=== Dataset records ===
◆ ◆ ◆ ◆ ◆ ◆ ◆

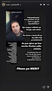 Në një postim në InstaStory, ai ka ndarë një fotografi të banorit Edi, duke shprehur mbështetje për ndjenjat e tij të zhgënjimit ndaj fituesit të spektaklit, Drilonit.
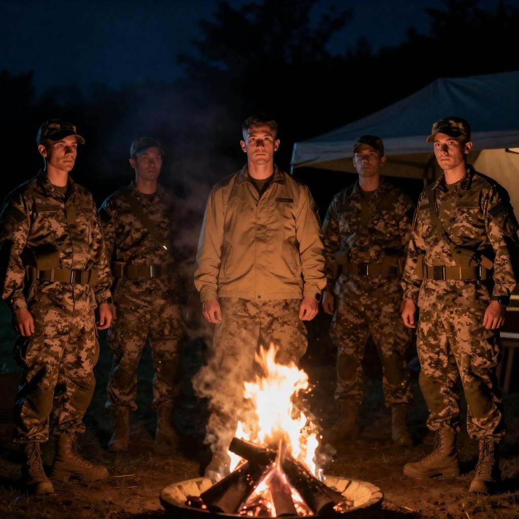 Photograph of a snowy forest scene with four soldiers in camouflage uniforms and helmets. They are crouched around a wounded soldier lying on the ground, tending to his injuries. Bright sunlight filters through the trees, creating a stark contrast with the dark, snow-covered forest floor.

◆ ◆ ◆ ◆ ◆ ◆ ◆

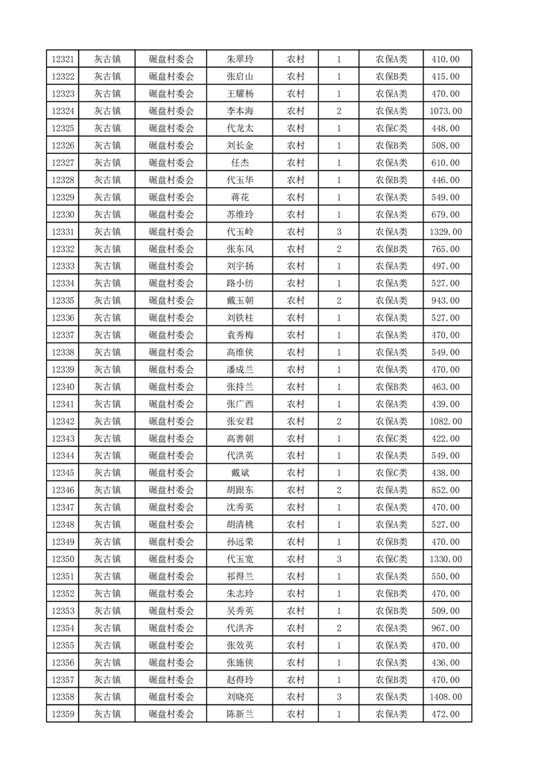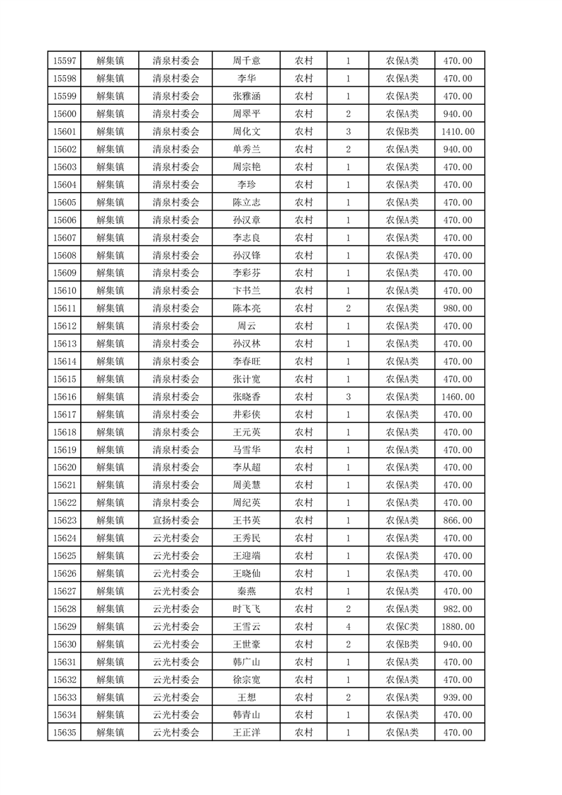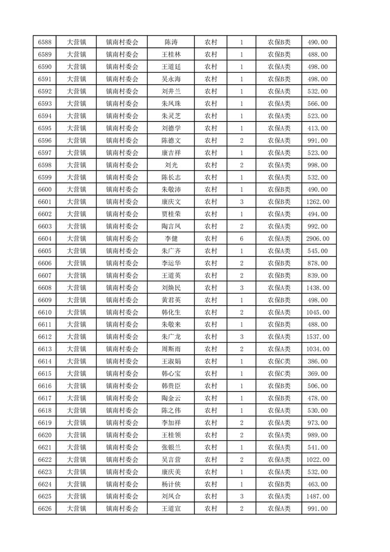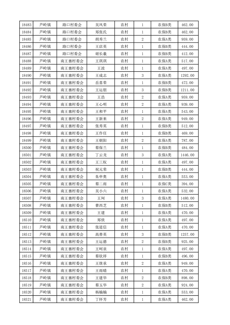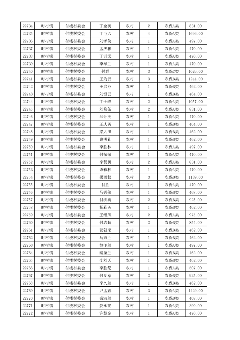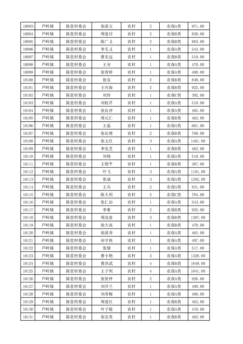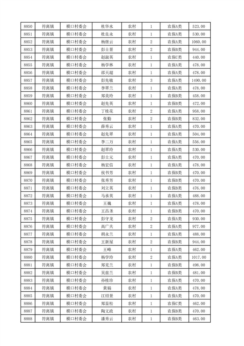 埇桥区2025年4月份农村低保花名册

◆ ◆ ◆ ◆ ◆ ◆ ◆

=== Activity ===
Within the listing above, find the line containing "Në një postim" and the line containing "Photograph of a". Transcribe them and everything between them exactly, leaving out the pictures.

=== Output of the exercise ===
 Në një postim në InstaStory, ai ka ndarë një fotografi të banorit Edi, duke shprehur mbështetje për ndjenjat e tij të zhgënjimit ndaj fituesit të spektaklit, Drilonit.
 Photograph of a snowy forest scene with four soldiers in camouflage uniforms and helmets. They are crouched around a wounded soldier lying on the ground, tending to his injuries. Bright sunlight filters through the trees, creating a stark contrast with the dark, snow-covered forest floor.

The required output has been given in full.